Dataset extract:

◆ ◆ ◆ ◆ ◆

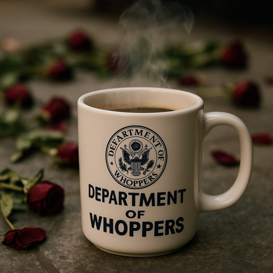 Good morning! Donald Trump held court in what's left of the Rose Garden last night, a ceremony he dubbed the inaugural meeting of the "Rose Garden Club." The roses, he reassured us, were untouched, "in full bloom and they will be in full bloom during certain seasons", as if the country needed a botanical State of the Union. The grass, though, was apparently a national emergency: "Every time we'd have a press conference, women in particular were sinking deep into the mud." So, at taxpayer expense, the turf was replaced with stone. Call it the Augusta National approach to governance: re-grass America and the rest will sort itself out. The evening spun into something between a loyalty banquet and a stand-up routine nobody asked for. Trump lavished praise on Mike Johnson, the "great speaker of our time or any other time," and reminisced about those long nights when he had to call "Jim" and a dozen other "hard-nos" at 4 a.m. to twist arms. The lucky guests tonight, however, were the chosen ones, the lawmakers who never made him pick up the phone. In Trump's telling, this was their reward: a steak dinner under the fairy lights, serenaded by the sound of a safe Washington, where women are now "walking by themselves alone, and they feel totally safe." He even insisted crime in D.C. had been reduced by 87%, "Really? Who are the 13%?", suggesting the remaining criminals had either been vaporized or relocated to Portland. And just to gild the lily, he added a folksy homily about turf management: "Grass has a life like we have a life. It expired about 40 years ago in these parks." As if America's greatest threat were not economic collapse or foreign war, but geriatric sod in Lafayette Square. The crowd was also treated to the soundtrack of an oncoming train, which Trump hailed as proof of his success: "The train is safe now. We don't have to worry about it. Isn't that a beautiful sound?" One imagines Kim Jong Un nodding in recognition at this level of propaganda-by-landscaping. The speech lurched from one tall tale to the next. He bragged that his "great big beautiful bill" had abolished taxes on tips, overtime, and Social Security, thrown in car loan deductions for good measure, and, why not, basically solved the economy forever. He claimed to have stopped seven wars, one of which had allegedly raged for 37 years until he personally ended it in two hours. "Nobody's done what we've done in seven months," he boasted, before clarifying that even the "fake news" admitted his record was unparalleled. He waxed nostalgic about ordering a B-2 bombing run over Iran, with pilots "who look just like Tom Cruise," and swore that "no other president had the courage to let us go." He celebrated the imminent arrival of $17 trillion in investments, including AI factories that are apparently wiring themselves directly into the power grid like something out of The Matrix. To put that whopper in perspective, China's entire GDP is roughly $18 trillion, but Trump would have us believe he conjured almost the same amount in loose change between Rose Garden banquets. And he recounted, with childlike glee, that his White House doctor once declared him "by far the healthiest" president compared to Bush and Obama, a line delivered as though it were the Nobel Prize of wellness. For good measure, he tossed in another flourish: "We were one heart attack from losing the House," as if the nation's fate had hung by the clogged artery of a Republican backbencher. If the Rose Garden dinner was an ode to loyalty, his follow-up transcript from the White House presser was a reminder of fragility. Asked a clear question about Vladimir Putin, Trump looked blank until Melania leaned in like a caretaker prompting a patient: "They're asking about Putin, Donald." This is the president who insists he's winning world wars with Tom Cruise lookalikes, yet can't track a reporter's question without help from his wife. Instead of an answer, he muttered, "What? About who? I didn't hear," before drifting into a tangent about "a lot of people" and "great conversations" that never seemed to exist. At one point, he even tried to pivot into his well-worn mantra, "We have the strongest military anywhere in the world", as though sheer repetition could cover the lapse. The whole exchange felt less like a commander-in-chief briefing and more like a nursing-home check-in gone off script. But the real kicker was Trump's announcement that he's rebranding the Pentagon. Forget the Department of Defense, too "woke." He signed an executive order to bring back the old "Department of War." "War means something. It means we're not going to have any problems," he explained, as if renaming the building were the geopolitical equivalent of sprinkling holy water on it. Billions will now be squandered on swapping seals, signs, and stationery across 700,000 facilities, a contractor's dream disguised as a patriotic flex. The rollout was predictably botched: the Pentagon's website redirected to war.gov, which promptly crashed, while the official X account sported a shiny new avatar over the old Defense banner, like a teenager failing to change their MySpace background. Even Truman's ghost is spinning at this point. Allies abroad don't know whether they're negotiating with a defense partner or a country that just renamed itself belligerent on purpose. And while Trump's been busy fluffing the turf and rebranding the military, his immigration enforcers staged the largest workplace raid in Homeland Security history. Federal agents stormed Hyundai's $12.6 billion Metaplant project in Georgia, hauling off 475 workers, most of them Korean nationals, from what was supposed to be the state's biggest jobs engine. South Korea's government is fuming, Democrats in Georgia are calling it terror tactics, and Hyundai and LG executives are scrambling to explain why their flagship venture just became a crime scene. In the real world of actual war, Volodymyr Zelensky once again embarrassed Putin'
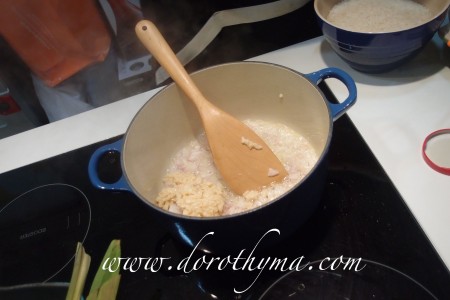 再爆香乾蔥碎及蒜蓉(份量是大量乾蔥碎,蒜蓉大約是乾蔥碎的四份一),再加入白米炒勻。
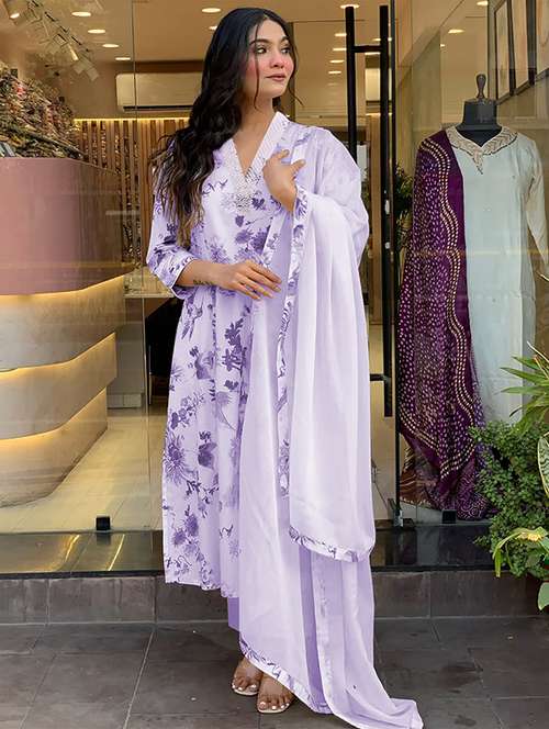 - Browse through the latest range of ethnic sets for women with tailored sleeve designs with lace works.
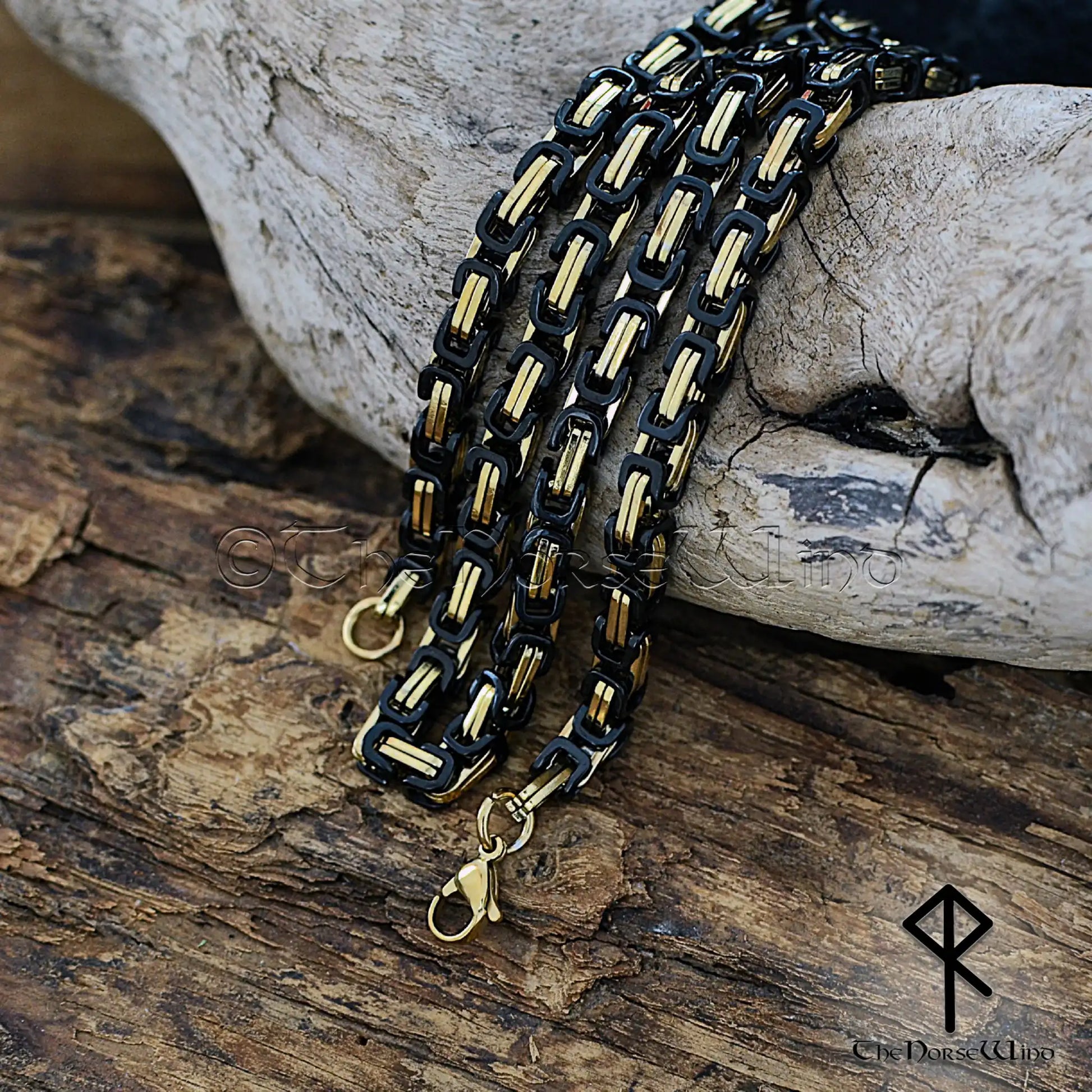 Command respect with our Black & Gold Byzantine Viking Chain Necklace, a striking blend of bold design and timeless Norse strength.

◆ ◆ ◆ ◆ ◆

Take the line with "再爆香乾蔥碎及蒜蓉(份量是大" and every line after it through the end of the data, and write only them out exactly, leaving out the pictures.

 再爆香乾蔥碎及蒜蓉(份量是大量乾蔥碎,蒜蓉大約是乾蔥碎的四份一),再加入白米炒勻。
 - Browse through the latest range of ethnic sets for women with tailored sleeve designs with lace works.
 Command respect with our Black & Gold Byzantine Viking Chain Necklace, a striking blend of bold design and timeless Norse strength.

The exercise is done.